Agreed. I made the assumption that all instances of "name" within a given metadata document would need to be unique. I had not considered any mechanisms to make this easy for users; e.g. using the "name" from an enclosing object to automatically _namespace_ sub-names.
We could leave it to the user to ensure uniqueness (easy for us; adds load to the end user which is less good); in which case the example above would fail to validate.
Alternatively, we could apply a form of name-spacing; e.g. "datetime/N1" and "anothercolumn/N1" within your example above.
>
> What this means is that the syntax becomes more complicated. Something
> like {datetime:N1} or something similar (which raises the issue of
> escape characters, too:-(
Agreed! I chose a different separator character to you, but the same issue applies.
>
> As for the conditionals: mustache has some syntax for this which is a
> bit different
>
> {{#bla}}
> .. any template here
> {{/bla}}
>
> although the mustache semantics is a bit different (afaik it relies on
> the existence or not of a key in an object). We could use the mustache
> semantics but we probably need something more, too, like "if 'bla' is a
> microsyntax name and is true if the value of the cell matches the
> regexp then it is true".
Syntax-wise, we want our metadata document to be valid JSON, so we would need something different to mustache. However, I agree that our use cases call for similar semantics. Perhaps the syntax might be something like:
"condition: {
"operator": "if ({bla})",
"template": {
"name": "2010_Occupations-csv-to-ttl",
"description": "Template converting CSV content to SKOS/RDF (expressed in Turtle syntax).",
"type": "template",
"path": "2010_Occupations-csv-to-ttl.ttl",
"hasFormat": "text/turtle"
}
}
In this case, I'm trying to say that the template will be triggered if the value of {bla} is true / not null etc. ... the value of {bla} is taken by evaluating the column (or microsyntax element) with "name" = "bla" for the row being processed. Like you say: """it relies on the existence or not of a key in an object"""
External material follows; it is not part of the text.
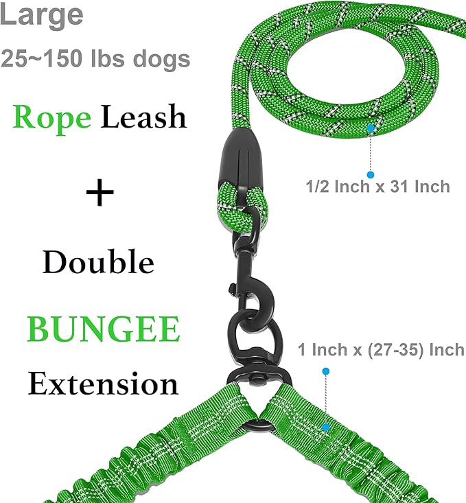 - The iYoShop Double Dog Leash Advantage: 31 inch rope leash + double bungee extension (20 inches - 35 inches)

(I don't really like the syntax; I guess that others can come up with better.)
>
> But I agree that the conditional complicates the templates a lot. Here
> is where our use cases may have to switch in: do our use cases justify
> the need for conditionals (remembering that, though we are discussing
> turtle here, I do not see any difference between generating turtle and
> generating XML or JSON through the same mechanism).
The requirement is ["R-ConditionalProcessingBasedOnCellValues"][1], motivated by the ExpressingHierarchyWithinOccupationalListings use case. This use case gives us two requirements:
i) triggering a template if a value of a cell is not null; e.g. to generate the SKOS concept scheme from the SOC structure ...
15-0000,,,,Computer and Mathematical Occupations,,,,,
,15-1100,,,Computer Occupations,,,,,
,,15-1110,,Computer and Information Research Scientists,,,,,
,,,15-1111,Computer and Information Research Scientists,,,,,
Here we can see that I only want a ex:SOC-MajorGroup entity created on the first row shown above (where col 1 is populated).
ii) triggering a template if a value of a cell equates to a particular string (or the opposite); e.g. when the value of "onetsoc-occupation" = "00" as shown in the example shown [earlier in this email thread][3]. ...
"operator": "if ({onetsoc-occupation} == '00')"
Perhaps there are cases for more complex operations? I don't know. Perhaps this is where call-back functions or promises could be used to parse a row and provide a Boolean response as to whether the template should be triggered? Again, I don't know ... and some considerable thought would be required to work out the details of such.
Jeremy
[1]: http://w3c.github.io/csvw/use-cases-and-requirements/index.html#R-ConditionalProcessingBasedOnCellValues
[2]: http://w3c.github.io/csvw/use-cases-and-requirements/index.html#UC-ExpressingHierarchyWithinOccupationalListings
[3]: http://lists.w3.org/Archives/Public/public-csv-wg/2014Jun/0127.html
>
> My 2 cents...
>
> Ivan
>
>
>
>
> On 19 Jun 2014, at 14:36 , Tandy, Jeremy
> <jeremy.tandy@metoffice.gov.uk> wrote:
>
> >> -----Original Message-----
> >> From: Dan Brickley [mailto:danbri@google.com]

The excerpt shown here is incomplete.